I am struck by the return of the play within the play – reminiscent of the hick townies in Love’s Labours Lost. I have never liked the Midsummer Night subplot with Peter Quince et al. – it really grates on me. I don’t like the snooty responses of the academics and nobles in the audience and the mockery of the working class. I don’t like how idiotic the workingmen are. It’s like Jerry Lewis suddenly gatecrashed Shakespeare. I know the plays (the actual plays) were meant to be staged at a wedding or a fine event, and these little plays-within-the-plays must have been witty indeed in situ (hahaha, aren’t we amusing, etc.). But I will confess, I increased the playback speed to 1.25x, then 1.5x, then 1.75x to get through this whole silly story with Pyramus and Thisbe and the townie actors.
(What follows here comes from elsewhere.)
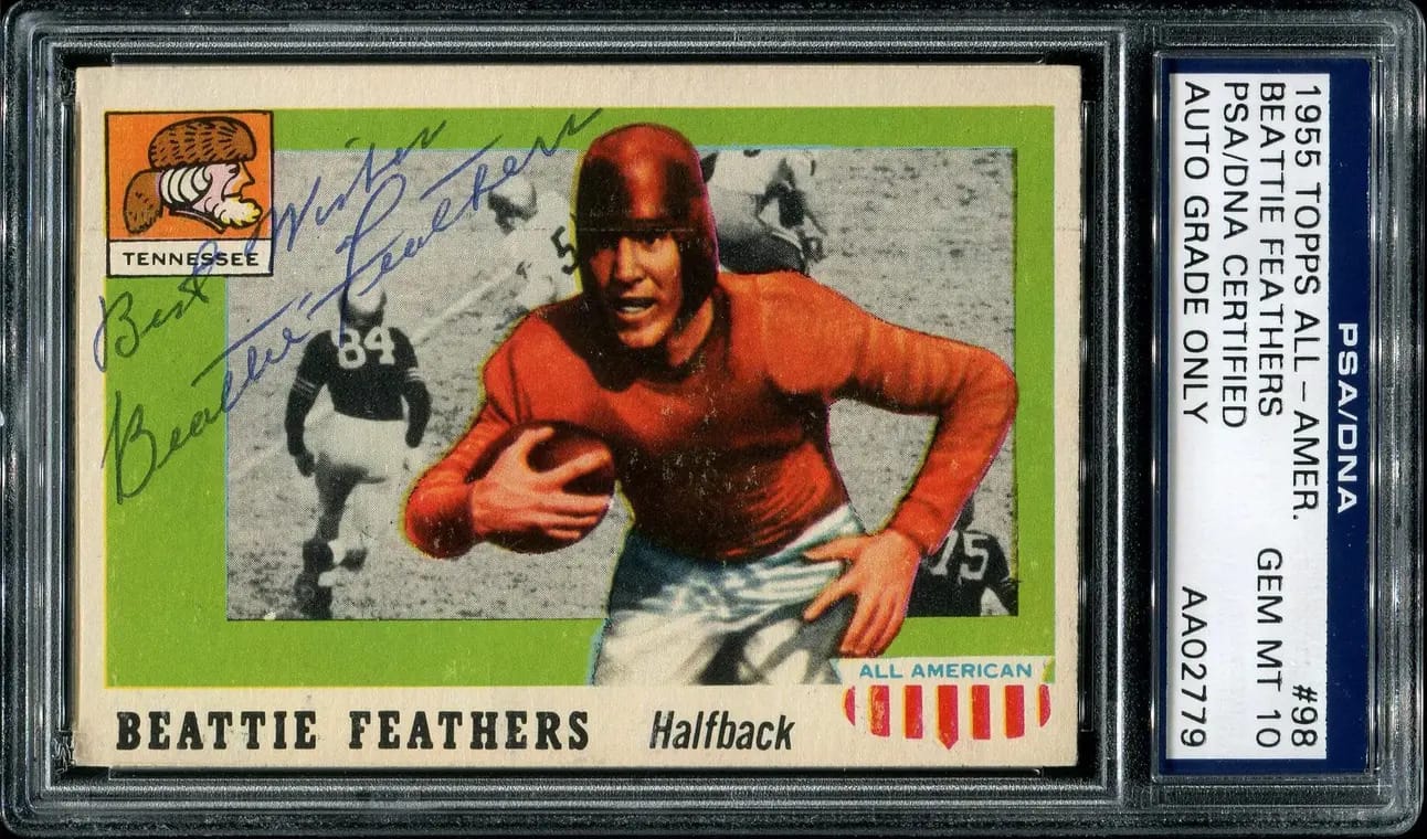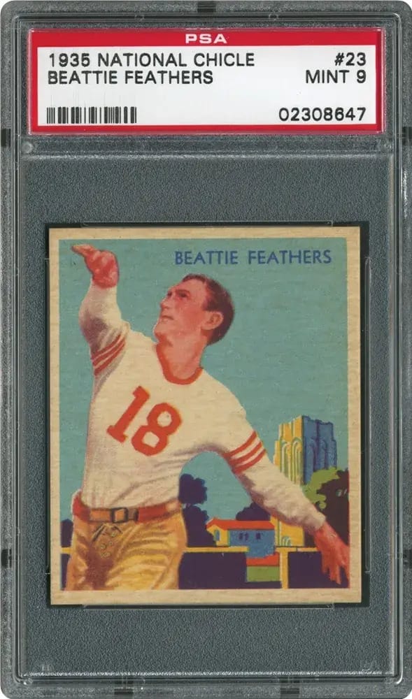 A few more Beattie Feathers facts. His average of 8.44 yards per attempt that same year remains an NFL record (minimum 100 carries). He also, as of 2024, is the only NFL player to have outrun the passing leader in a single season. Apparently he’s not in the NFL Hall of Fame. Feathers is one of ten players named to the National Football League 1930s All-Decade Team who have not been inducted into the Pro Football Hall of Fame. Beattie’s got my support for the Hall of Fame.
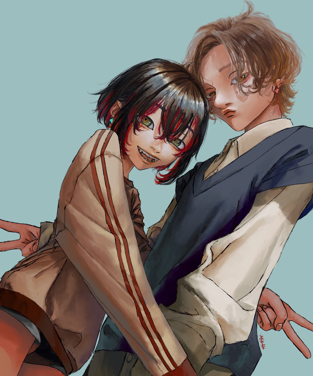 従兄弟同士(全然似てない) ちっちゃい方が従弟 #イラスト #一次創作 #オリキャラ

Lord, what fools these mortals be! – Puck

My visual production companion this time was the 1968 English film starring Judi Dench and Helen Mirren. Would you believe it! They were both so young, fresh, beautiful, and talented. Judi Dench was mostly disrobed and painted a sickly green, as were all the other fairies in the film adaptation. The little fairies looked emaciated and hungry. The FX were hilariously low-fi. The editing horrendous – was editing really this roughly done in the sixties?! But it was magnificent, and a country house in Warwickshire stands in for Athens, the Athenians all recently come from Carnaby street in mod blouses and mini skirts, Hippolyta’s asp jewelry snaking around her slim upper arm. It really reminded me of movies we watched in middle school, when the teacher rolled in some massive TV and a VHS player so we could watch The Diary of Anne Frank or some such. For that alone I am grateful this production was available free on YouTube.

I never heard so musical a discord – such sweet thunder! – Hippolyta

As a creative writer, some years ago I decided that my greatest struggle was with plot. I am good with character and insight and language, but what should we make these little characters do? When I devised this mini-project for myself, I had plot in mind. I would read all the Shakespeare plays as a plot clinic! But a third of the way through his collected works, I am finding that Shakespeare plots are shallow to the point of fatuous. The plots are not the point: take shipwreck, and a pair or two of identical twins, thwart true love, throw in some glaring class differences. End with a wedding, or a double wedding, or a triple wedding, or a joyful family reunion. Or a funeral, a double funeral, or a triple funeral. The Bard is no great shakes in plot! He hangs every tale on the same basic conceits. Add a few sonnets (very good), sparkling language, and abundant bawd. Repeat ad nauseum. Takeaway: if the audience is well-entertained, they will forgive you. They’re not there for the plot. They’re there to be amused by language and character.